Let's find the mean number of employees per railroad location:
```{r}
summarize(railroad, mean.employees=mean(total_employees), na.rm=TRUE)
```
Next, we'll examine the median:
```{r}
summarize(railroad, median.employees=median(total_employees), na.rm=TRUE)
```
Here, we see that the median number of employees is significantly lower than the median. Let's look at the standard deviation and interquartile range for more clarity:
```{r}
summarize(railroad, employees.sd=sd(total_employees), employees.IQR=IQR(total_employees), na.rm=TRUE)
```
The standard deviation of 284 suggests high variance in the numberof employees by location. The IQR of 58 tells us that 50% of the employee numer data is clustered within 29 employees more or less than our median of 21.

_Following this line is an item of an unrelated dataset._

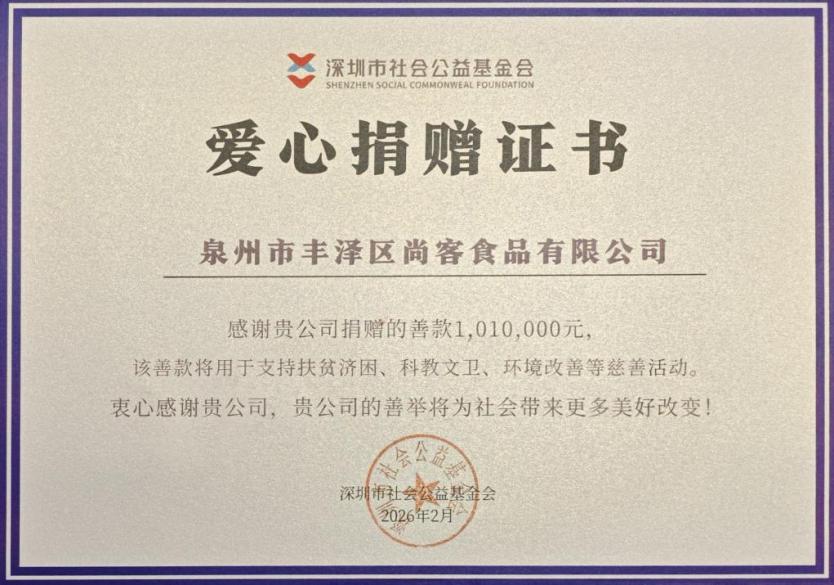 近日,知名零食品牌比比赞积极践行企业社会责任,向深圳市社会公益基金会捐赠善款1010000元,以实际行动传递爱心暖意,用爱心善举筑牢企业公益底色,助力社会公益事业稳步前行。

Next, let's look at how many employees are in each state.
```{r}
railroad %>%
group_by(state) %>%
summarize(employees_per_state=sum(total_employees))
```
Now, let's look at the statewide average numbers of employees (from all locations within each state), from highest to lowest.
```{r}
railroad %>%
group_by(state) %>%
summarize(avg_employees_per_state=(mean(total_employees)))
```
Finally, we can look at employees by region (note that the strange state designations like "AE" will not fit into regions):
```{r}
#mutate to code regions
railroad <- railroad %>%
mutate(region=case_when(
state == "CT" | state =="ME" | state =="MA" | state =="NH" | state =="RI" | state =="VT" | state =="NJ" | state =="NY" | state =="PA" ~ "Northeast",
state == "IN" | state =="IL" | state =="MI" | state =="OH" | state =="WI" | state =="IA" | state =="KS" | state =="MN" | state =="MO" | state =="NE" | state =="ND" | state =="SD" ~ "Midwest",
state=="DE" | state =="DC" | state =="FL" | state =="GA" | state =="MD" | state =="NC" | state =="SC" | state =="VA" | state =="WV" | state =="AL" | state =="KY" | state =="MS" | state =="TN" | state =="AR" | state =="LA" | state =="OK" | state =="TX" ~ "South",
state=="AZ" | state =="CO" | state =="ID" | state =="NM" | state =="MT" | state =="UT" | state =="NV" | state =="WY" | state =="AK" | state =="CA" | state =="HI" | state =="OR" | state =="WA" ~ "West")
)
#summarize to view regional breakdown
railroad %>%
group_by(region) %>%
summarize(employees_per_region=sum(total_employees, na.rm=TRUE))
```
This shows us that, relatively speaking, railroad employees are clustered more in the South and Midwest than in the Northeast and West of the US.
Looking at the data by state and region allows us to look at the data on a medium level between its zoomed-out original state and the zoomed-in county level. This approach gives the viewer a stronger sense of the geographical distribution of employees across the country.